» Problem statement: Please give back the listing below word for word, without the images.

*****

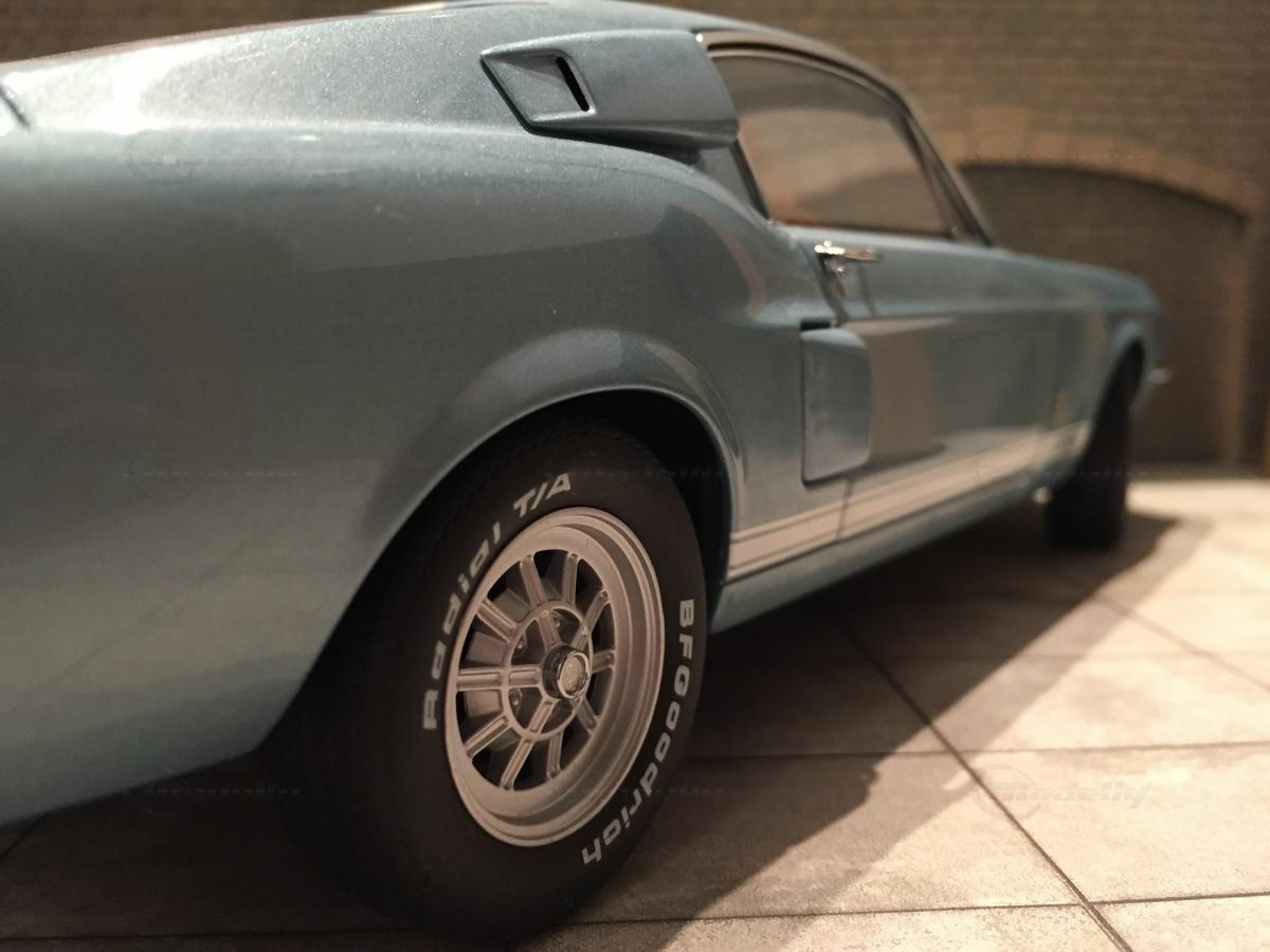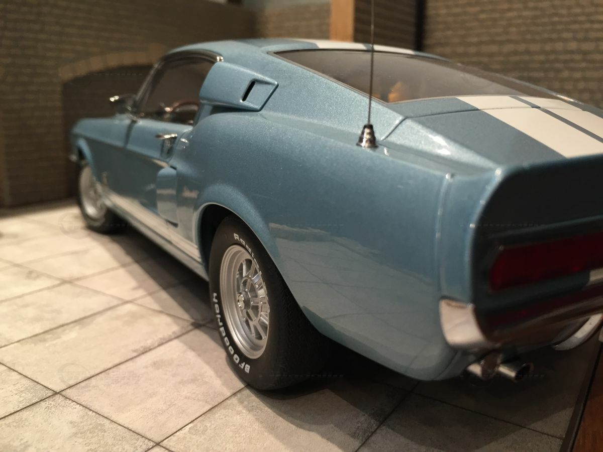 Bei der hier gezeigten Miniatur handelt es sich um ein Modellauto im 1:18 Maßstab, hergestellt von AUTOart Millennium. Diese Miniatur ist bemerkenswert wegen ihrer Detailtreue und der hochwertigen Materialmischung, die für ihre Herstellung verwendet wurde, und befindet sich in der Sammlung des Modelly-Mitglieds "Carjunky". Die Front des Modells ist mit den charakteristischen Doppelscheinwerfern und dem Shelby-Emblem versehen, die an das originale Shelby GT500 Design erinnern. Die Motorhaube und der Frontgrill sind ebenfalls sehr gut nachgebildet, was dem Modell ein realistisches Aussehen verleiht. Die Felgen sind originalgetreu und tragen zur Gesamtästhetik des Miniaturautos bei. AUTOart Millennium hat bei diesem Modell großen Wert auf Präzision gelegt, was an den exakten Details und der hochwertigen Verarbeitung erkennbar ist.
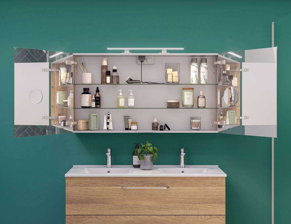 Select spejlskabet er meget mere end bare et spejlskab - det er din personlige opgradering til badeværelset. Vælg dine egne lamper og skab den perfekte belysning til at starte dagen med stil. Med spejlskabet får du masser af opbevaring samt en stikkontakt inde i spejlskabet til dine elektriske apparater. Oplev bekvemmelighed og elegance i ét med Select spejlskabet - din daglige følgesvend til en strålende morgen.
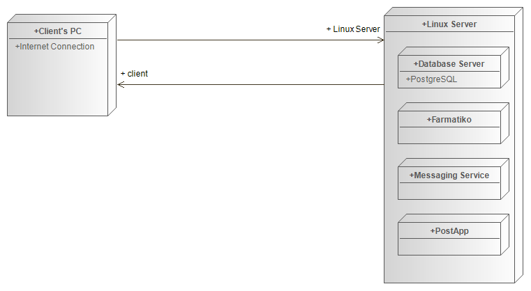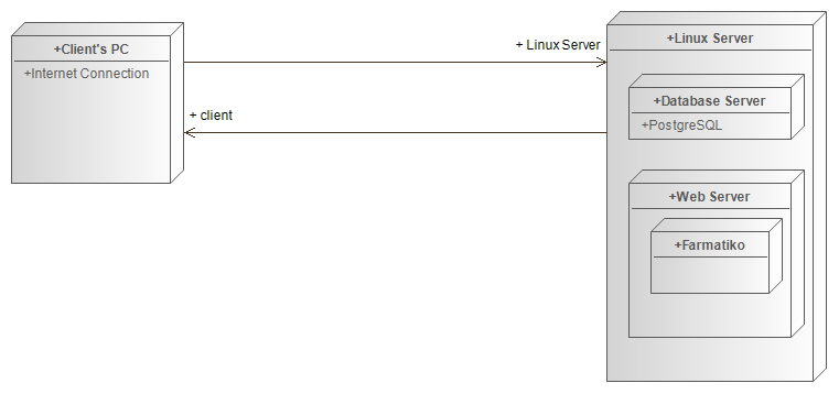Најсоодветна инфраструктура е моделот на клиент-сервер, базата на податоци ќе биде поврзана со централниот сервер кој ќе користи Linux серверски оперативен систем.
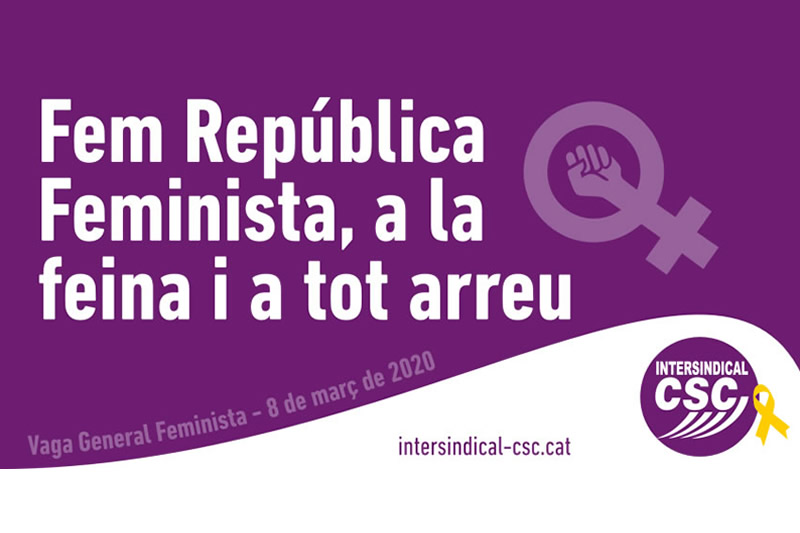 La Intersindical-CSC ha presentat el preavís de vaga general pel pròxim 8 de Març amb el lema: «Fem República Feminista, a la feina i a tot arreu». Aquesta decisió s’ha pres després que el moviment Vaga Feminista, en el qual el sindicat republicà hi participem, hagi decidit convocar vaga aquest 8 de març.
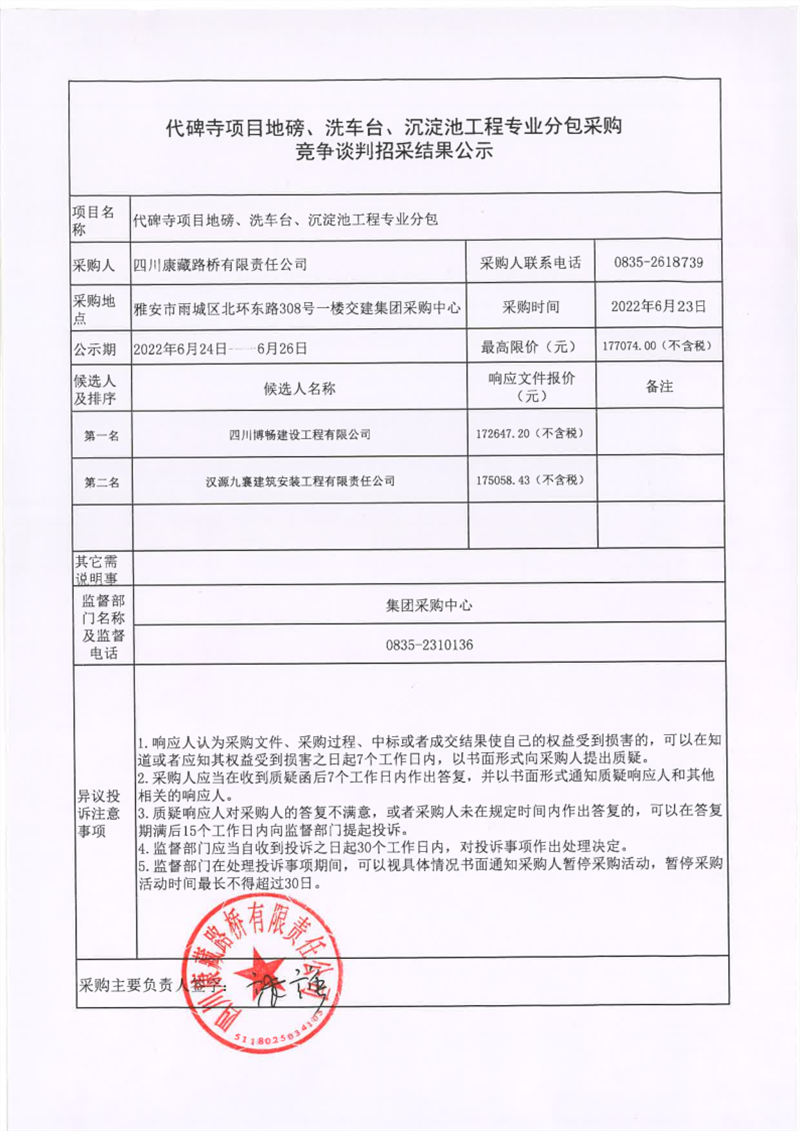 四川康藏路橋有限責任公司代碑寺項目地磅、洗車臺、沉淀池工程專業(yè)分包采購競爭談判招采結(jié)果公示
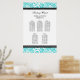 Póster Tabla de asientos 5 tablas Aqua Damask Negro
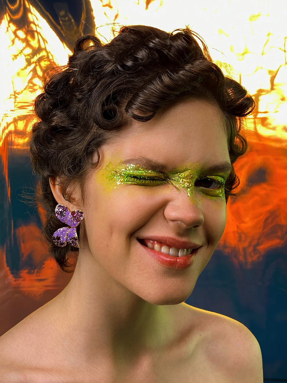 Блестки и неон — главные тенденции в макияже на последних показах. Чтобы скрасить серые будни и быстро поднять себе настроение, выбираем смелые сочетания и дополняем яркие цвета в одежде не менее яркими макияжем и укладкой. Стрелки, смоки и румяна с глиттером, кудри разного объема, яркие принты и необычный крой в одежде — все это в съемке ЦУМа, снятой фотографом Данилом Головкиным на iPhone 11 Pro и приуроченной к старту продаж гаджета в Apple Shop на первом этаже ЦУМа.
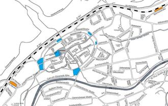 Abb. 2: Tarifzonen in Ahrweiler Dunkelblau: Parkplatzflächen in Tarifzone 2; Orange: Parkplatzflächen in Tarifzone 3; Ohne Farbkennzeichnung: Straßenbegleitendes Parken in Tarifzone 3
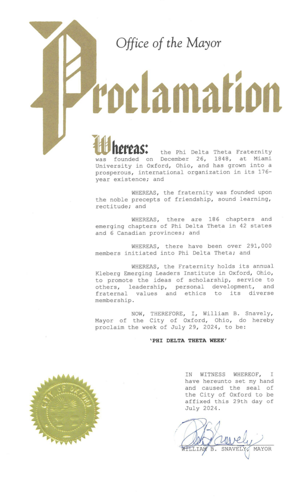 Oxford, OH, July 23, 2024 – The City of Oxford proudly announces the official proclamation of the week of July 29, 2024, as “Phi Delta Theta Week” as the city prepares to host over 1,000 Phi Delta Theta members. This recognition, declared by Mayor William B. Snavely, honors the Fraternity’s significant contributions to the community and its historic importance.
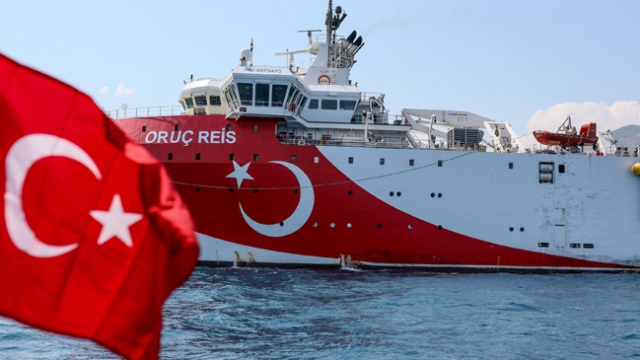 Antalya polisi Oruç Reis'i selamladı
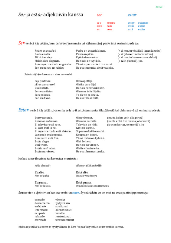 Olla-verbi adjektiivin yhteydessä Jaa Sulje Tämän tiedoston tekstivastine: (tyhjä tekstivastine) SER ja ESTAR adjektiivi doc.pdf 54.6 kt
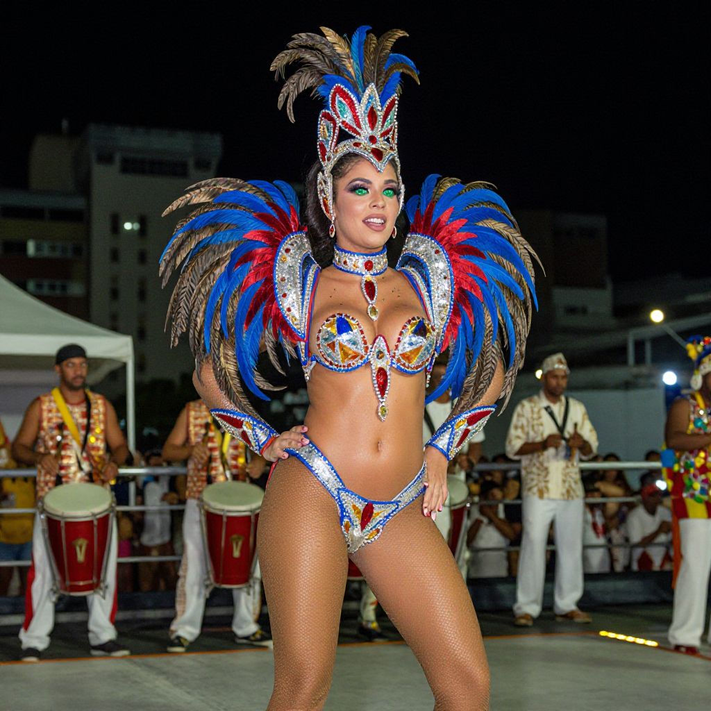 A glamorous showgirl in a Rio carnival costume with bold samba sequins, intricate feather patterns in blue, red, and silver, wearing a high-riding bustle and a feathered headdress, performing on a rooftop stage during a nighttime festival in Copacabana; she has a statuesque frame, sharp features, a defined jawline, and lively green eyes, illuminated by flashing lights and distant samba drums echoing in the air.
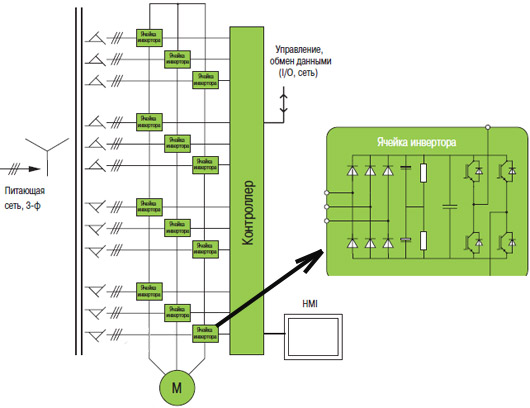 инверторных ячеек. Количество используемых ячеек определяется необходимым напряжением на выходе преобразователя частоты. Большое количество ячеек обеспечивает маленький „шаг“ результирующей кривой напряжения, и, как следствие, отсутствие негативного влияния на обмотки двигателя. Смещение вторичных обмоток трансформатора позволяет получить эквивалент многопульсной схемы выпрямления и синусоидальную кривую тока, потребляемого из сети.
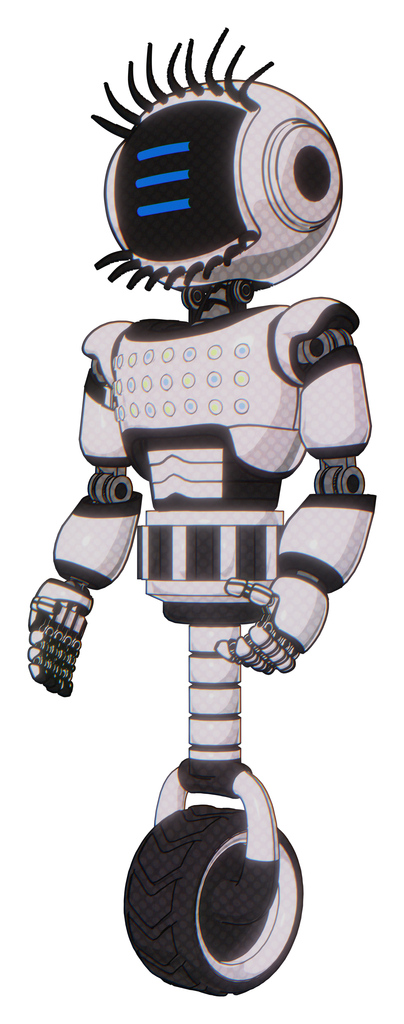 Mech containing elements: digital display head, three horizontal line design, eye lashes deco, light chest exoshielding, chest green blue lights array, unicycle wheel. Material: White halftone toon.
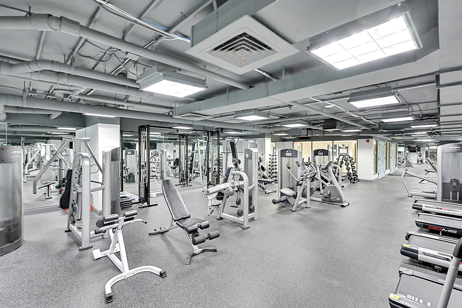 Baseboards Wall, Drop Ceiling, Elevator, Inlaid Floor, Recessed Lighting, Smoke Carbon Monoxide Detector, Tile Floor, Drywall
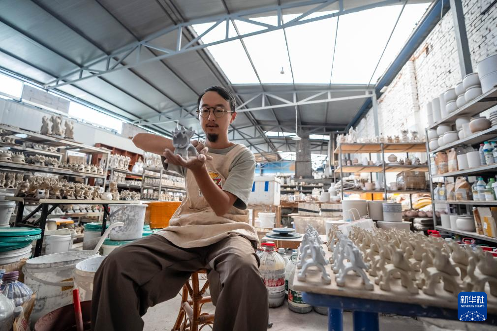 云南省玉溪市“90后”陶藝師王子強畢業于玉溪師范學院,他在大學與陶藝和瓦貓文化結下了不解之緣。為了讓這個傳統文化符號重新煥發生機,王子強從玉溪、大理、昆明等地的各式瓦貓中汲取靈感,在創作中融入現代設計與個性化創意,使傳統瓦貓在功能、外形、顏色、尺寸上都有新的突破,經過10年的傳承與創作,逐漸形成了自己的風格,開發出擺件等一系列工藝品。

*****

» Task output:
 Bei der hier gezeigten Miniatur handelt es sich um ein Modellauto im 1:18 Maßstab, hergestellt von AUTOart Millennium. Diese Miniatur ist bemerkenswert wegen ihrer Detailtreue und der hochwertigen Materialmischung, die für ihre Herstellung verwendet wurde, und befindet sich in der Sammlung des Modelly-Mitglieds "Carjunky". Die Front des Modells ist mit den charakteristischen Doppelscheinwerfern und dem Shelby-Emblem versehen, die an das originale Shelby GT500 Design erinnern. Die Motorhaube und der Frontgrill sind ebenfalls sehr gut nachgebildet, was dem Modell ein realistisches Aussehen verleiht. Die Felgen sind originalgetreu und tragen zur Gesamtästhetik des Miniaturautos bei. AUTOart Millennium hat bei diesem Modell großen Wert auf Präzision gelegt, was an den exakten Details und der hochwertigen Verarbeitung erkennbar ist.
 Select spejlskabet er meget mere end bare et spejlskab - det er din personlige opgradering til badeværelset. Vælg dine egne lamper og skab den perfekte belysning til at starte dagen med stil. Med spejlskabet får du masser af opbevaring samt en stikkontakt inde i spejlskabet til dine elektriske apparater. Oplev bekvemmelighed og elegance i ét med Select spejlskabet - din daglige følgesvend til en strålende morgen.
Најсоодветна инфраструктура е моделот на клиент-сервер, базата на податоци ќе биде поврзана со централниот сервер кој ќе користи Linux серверски оперативен систем.
 La Intersindical-CSC ha presentat el preavís de vaga general pel pròxim 8 de Març amb el lema: «Fem República Feminista, a la feina i a tot arreu». Aquesta decisió s’ha pres després que el moviment Vaga Feminista, en el qual el sindicat republicà hi participem, hagi decidit convocar vaga aquest 8 de març.
 四川康藏路橋有限責任公司代碑寺項目地磅、洗車臺、沉淀池工程專業(yè)分包采購競爭談判招采結(jié)果公示
 Póster Tabla de asientos 5 tablas Aqua Damask Negro
 Блестки и неон — главные тенденции в макияже на последних показах. Чтобы скрасить серые будни и быстро поднять себе настроение, выбираем смелые сочетания и дополняем яркие цвета в одежде не менее яркими макияжем и укладкой. Стрелки, смоки и румяна с глиттером, кудри разного объема, яркие принты и необычный крой в одежде — все это в съемке ЦУМа, снятой фотографом Данилом Головкиным на iPhone 11 Pro и приуроченной к старту продаж гаджета в Apple Shop на первом этаже ЦУМа.
 Abb. 2: Tarifzonen in Ahrweiler Dunkelblau: Parkplatzflächen in Tarifzone 2; Orange: Parkplatzflächen in Tarifzone 3; Ohne Farbkennzeichnung: Straßenbegleitendes Parken in Tarifzone 3
 Oxford, OH, July 23, 2024 – The City of Oxford proudly announces the official proclamation of the week of July 29, 2024, as “Phi Delta Theta Week” as the city prepares to host over 1,000 Phi Delta Theta members. This recognition, declared by Mayor William B. Snavely, honors the Fraternity’s significant contributions to the community and its historic importance.
 Antalya polisi Oruç Reis'i selamladı
 Olla-verbi adjektiivin yhteydessä Jaa Sulje Tämän tiedoston tekstivastine: (tyhjä tekstivastine) SER ja ESTAR adjektiivi doc.pdf 54.6 kt
 A glamorous showgirl in a Rio carnival costume with bold samba sequins, intricate feather patterns in blue, red, and silver, wearing a high-riding bustle and a feathered headdress, performing on a rooftop stage during a nighttime festival in Copacabana; she has a statuesque frame, sharp features, a defined jawline, and lively green eyes, illuminated by flashing lights and distant samba drums echoing in the air.
 инверторных ячеек. Количество используемых ячеек определяется необходимым напряжением на выходе преобразователя частоты. Большое количество ячеек обеспечивает маленький „шаг“ результирующей кривой напряжения, и, как следствие, отсутствие негативного влияния на обмотки двигателя. Смещение вторичных обмоток трансформатора позволяет получить эквивалент многопульсной схемы выпрямления и синусоидальную кривую тока, потребляемого из сети.
 Mech containing elements: digital display head, three horizontal line design, eye lashes deco, light chest exoshielding, chest green blue lights array, unicycle wheel. Material: White halftone toon.
 Baseboards Wall, Drop Ceiling, Elevator, Inlaid Floor, Recessed Lighting, Smoke Carbon Monoxide Detector, Tile Floor, Drywall
 云南省玉溪市“90后”陶藝師王子強畢業于玉溪師范學院,他在大學與陶藝和瓦貓文化結下了不解之緣。為了讓這個傳統文化符號重新煥發生機,王子強從玉溪、大理、昆明等地的各式瓦貓中汲取靈感,在創作中融入現代設計與個性化創意,使傳統瓦貓在功能、外形、顏色、尺寸上都有新的突破,經過10年的傳承與創作,逐漸形成了自己的風格,開發出擺件等一系列工藝品。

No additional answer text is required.